> Activity: Would you print the lines below exactly, beginning at the line that has "- Water and" and stopping after the line that has "цифровыми услугами Марка."? Only those lines, and no pictures.

> Data shown:
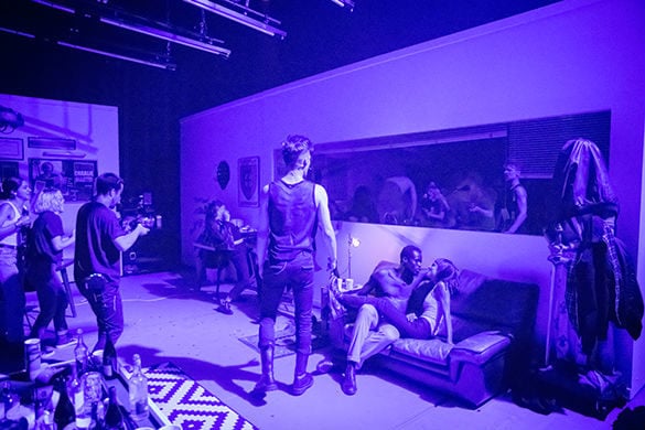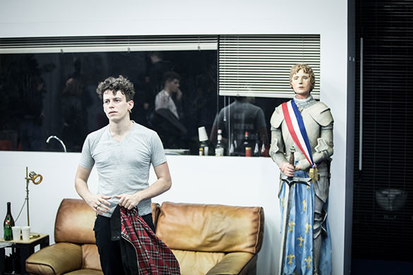 Le travail sur le corps passe par un double mouvement entre la scène et l’écran qui projette des images captées sur scène à la caméra. Mais cette célébration de la mixité européenne laisse place à la violence et au nationalisme. Ainsi différents symboles repris par les mouvances d’extrême droite apparaissent: une statue de Jeanne d’Arc trône dans l’appartement, un des jeunes porte au torse le tatouage de la croix celtique, reprise par des groupes comme le GUD. A l’idéal d’une Europe ouverte, évoquée dans la première partie, répond une seconde dans laquelle on constate le repli sur soi de la génération Erasmus.
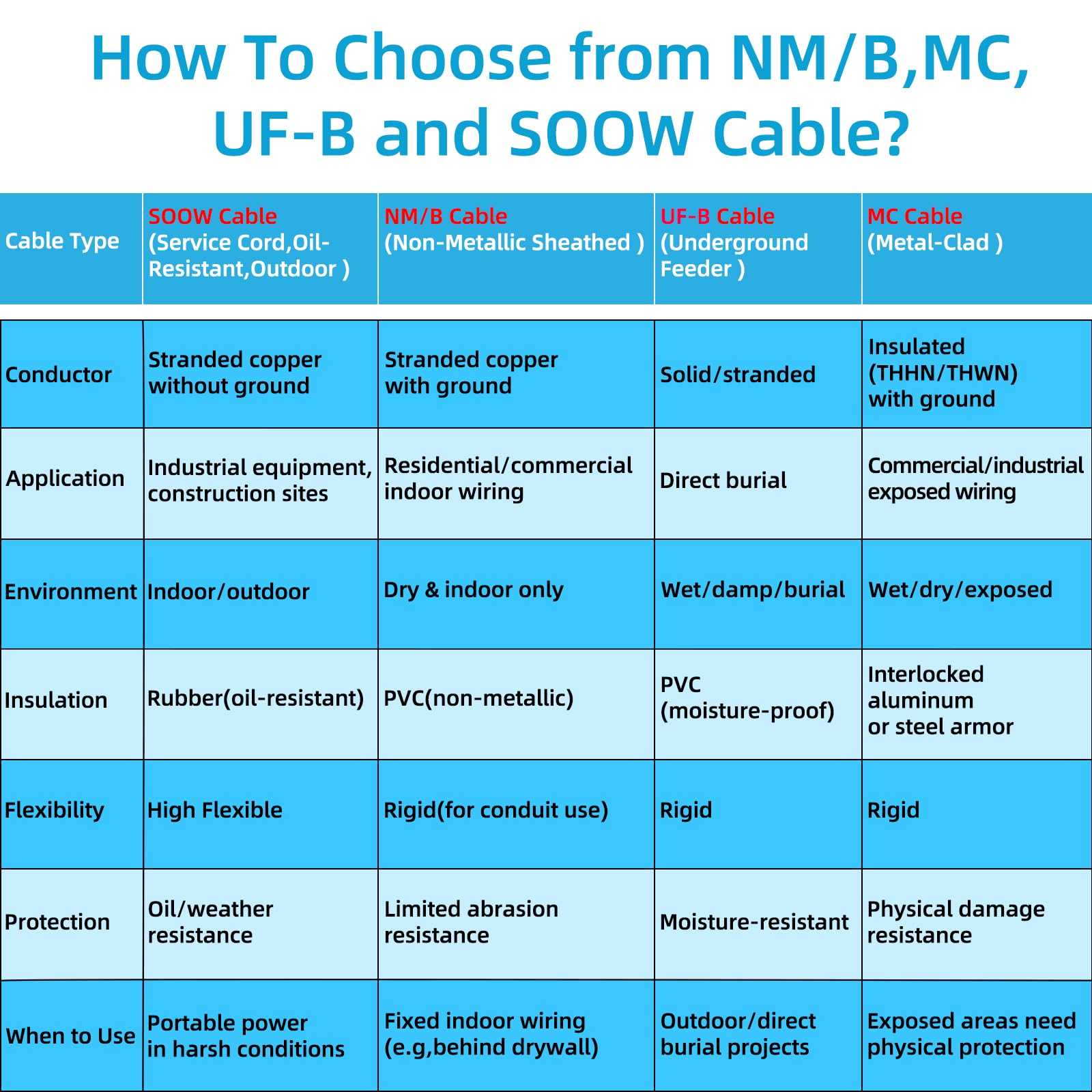 - Water and oil resistant: The 600V 6 AWG SOOW wire 6/4 6 Gauge 4 conductor SOOW electric wire (SOOW-Service, Oil, and Water Resistant) is designed to withstand harsh conditions, perfect for industrial/outdoor/commercial use,including NEMA 14-50 welder machine/power generator/RV outlet box/electric car charger/fryer/dryer.
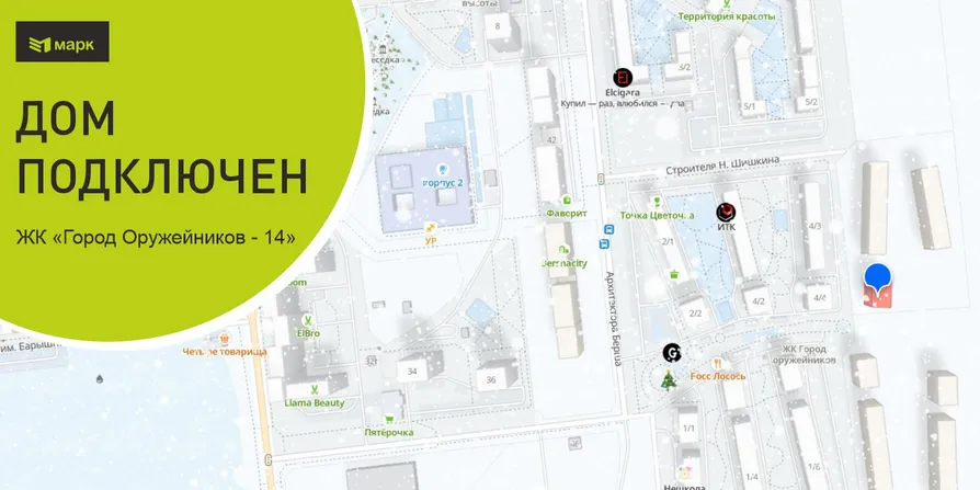 ЖК "Город Оружейников-14" по адресу ул. Строителя Н. Шишкина 6/2 теперь со всеми цифровыми услугами Марка.
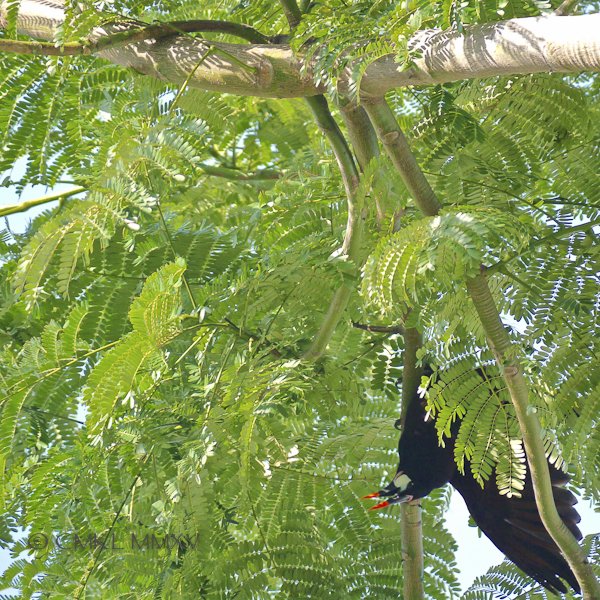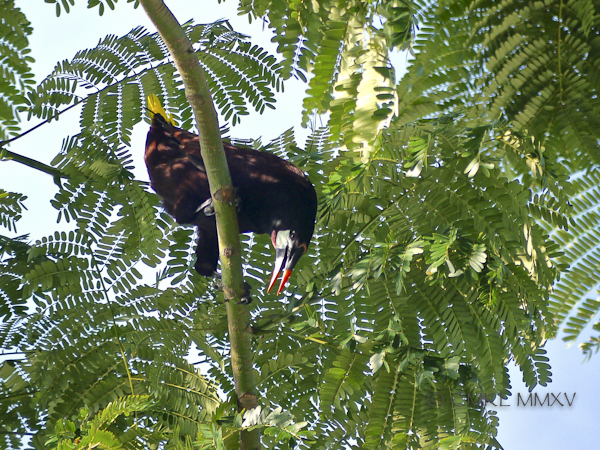 He came by early this morning. As he had done a number of times during the last two months. He settled on a branch of our gigantic yellow jacaranda (Schizolobium parahyba), called ‘El Gallinazo’ (chicken-footed: the shallow root system can look like bird feet).

> Your response:
 - Water and oil resistant: The 600V 6 AWG SOOW wire 6/4 6 Gauge 4 conductor SOOW electric wire (SOOW-Service, Oil, and Water Resistant) is designed to withstand harsh conditions, perfect for industrial/outdoor/commercial use,including NEMA 14-50 welder machine/power generator/RV outlet box/electric car charger/fryer/dryer.
 ЖК "Город Оружейников-14" по адресу ул. Строителя Н. Шишкина 6/2 теперь со всеми цифровыми услугами Марка.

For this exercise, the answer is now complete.